■ Exercise
Copy out all lines from the material that contain the string "both".

■ Input

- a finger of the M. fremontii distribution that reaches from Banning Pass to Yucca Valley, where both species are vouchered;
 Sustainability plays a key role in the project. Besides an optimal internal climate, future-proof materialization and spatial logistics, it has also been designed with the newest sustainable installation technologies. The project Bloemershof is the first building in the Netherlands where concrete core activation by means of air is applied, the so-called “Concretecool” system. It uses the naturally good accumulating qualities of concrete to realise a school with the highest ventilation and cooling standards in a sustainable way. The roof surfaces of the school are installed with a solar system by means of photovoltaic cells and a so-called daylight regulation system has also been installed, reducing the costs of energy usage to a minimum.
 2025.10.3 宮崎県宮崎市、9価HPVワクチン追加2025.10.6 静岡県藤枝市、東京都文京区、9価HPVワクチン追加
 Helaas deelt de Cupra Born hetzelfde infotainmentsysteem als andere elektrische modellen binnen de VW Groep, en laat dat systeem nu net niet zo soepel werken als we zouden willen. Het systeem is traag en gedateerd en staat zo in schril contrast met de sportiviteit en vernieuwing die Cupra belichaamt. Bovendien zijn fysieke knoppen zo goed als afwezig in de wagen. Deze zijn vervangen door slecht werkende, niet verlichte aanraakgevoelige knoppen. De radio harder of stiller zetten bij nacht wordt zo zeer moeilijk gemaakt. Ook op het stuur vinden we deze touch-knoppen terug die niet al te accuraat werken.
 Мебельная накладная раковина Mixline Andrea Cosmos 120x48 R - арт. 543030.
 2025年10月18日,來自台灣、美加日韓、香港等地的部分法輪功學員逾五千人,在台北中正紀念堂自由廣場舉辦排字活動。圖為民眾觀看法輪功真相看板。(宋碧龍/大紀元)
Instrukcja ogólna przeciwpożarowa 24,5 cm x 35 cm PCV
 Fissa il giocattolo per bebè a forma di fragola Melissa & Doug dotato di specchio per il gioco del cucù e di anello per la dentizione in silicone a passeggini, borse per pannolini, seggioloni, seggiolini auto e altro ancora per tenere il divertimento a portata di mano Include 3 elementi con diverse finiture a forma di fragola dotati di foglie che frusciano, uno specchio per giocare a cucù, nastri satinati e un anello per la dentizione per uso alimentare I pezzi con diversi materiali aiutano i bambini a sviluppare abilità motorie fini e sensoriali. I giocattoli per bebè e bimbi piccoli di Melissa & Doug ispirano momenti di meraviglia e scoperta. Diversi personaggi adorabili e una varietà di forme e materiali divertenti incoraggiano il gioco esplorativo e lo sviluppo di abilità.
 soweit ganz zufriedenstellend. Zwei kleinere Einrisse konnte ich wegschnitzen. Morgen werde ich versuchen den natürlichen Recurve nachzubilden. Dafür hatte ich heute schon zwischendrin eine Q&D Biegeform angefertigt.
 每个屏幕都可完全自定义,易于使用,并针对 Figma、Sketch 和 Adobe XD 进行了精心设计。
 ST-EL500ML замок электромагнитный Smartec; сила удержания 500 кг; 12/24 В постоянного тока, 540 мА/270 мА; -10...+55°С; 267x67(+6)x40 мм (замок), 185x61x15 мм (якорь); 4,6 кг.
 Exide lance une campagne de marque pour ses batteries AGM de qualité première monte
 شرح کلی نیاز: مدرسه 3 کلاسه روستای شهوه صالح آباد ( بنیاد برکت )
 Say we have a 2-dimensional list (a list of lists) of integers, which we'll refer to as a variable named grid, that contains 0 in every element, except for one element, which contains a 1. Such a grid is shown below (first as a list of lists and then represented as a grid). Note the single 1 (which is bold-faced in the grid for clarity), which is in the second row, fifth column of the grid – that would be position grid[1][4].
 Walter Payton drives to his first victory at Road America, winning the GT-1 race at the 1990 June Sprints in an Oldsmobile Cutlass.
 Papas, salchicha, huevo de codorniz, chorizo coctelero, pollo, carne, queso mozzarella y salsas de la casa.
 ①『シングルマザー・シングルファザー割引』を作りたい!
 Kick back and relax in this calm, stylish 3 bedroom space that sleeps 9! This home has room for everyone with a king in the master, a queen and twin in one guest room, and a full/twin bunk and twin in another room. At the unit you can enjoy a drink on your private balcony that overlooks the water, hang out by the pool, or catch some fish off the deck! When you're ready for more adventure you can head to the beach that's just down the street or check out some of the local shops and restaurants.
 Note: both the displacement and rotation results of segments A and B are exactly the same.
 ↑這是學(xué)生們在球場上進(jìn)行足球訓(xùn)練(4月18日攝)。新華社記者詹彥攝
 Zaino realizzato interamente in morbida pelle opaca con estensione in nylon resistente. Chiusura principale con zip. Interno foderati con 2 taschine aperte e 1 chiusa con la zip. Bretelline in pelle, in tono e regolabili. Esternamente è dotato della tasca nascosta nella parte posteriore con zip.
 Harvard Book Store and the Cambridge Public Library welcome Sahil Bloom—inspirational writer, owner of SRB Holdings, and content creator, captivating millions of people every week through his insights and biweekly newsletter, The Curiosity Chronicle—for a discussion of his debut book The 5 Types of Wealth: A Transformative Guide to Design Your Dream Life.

■ Output
- a finger of the M. fremontii distribution that reaches from Banning Pass to Yucca Valley, where both species are vouchered;
 Note: both the displacement and rotation results of segments A and B are exactly the same.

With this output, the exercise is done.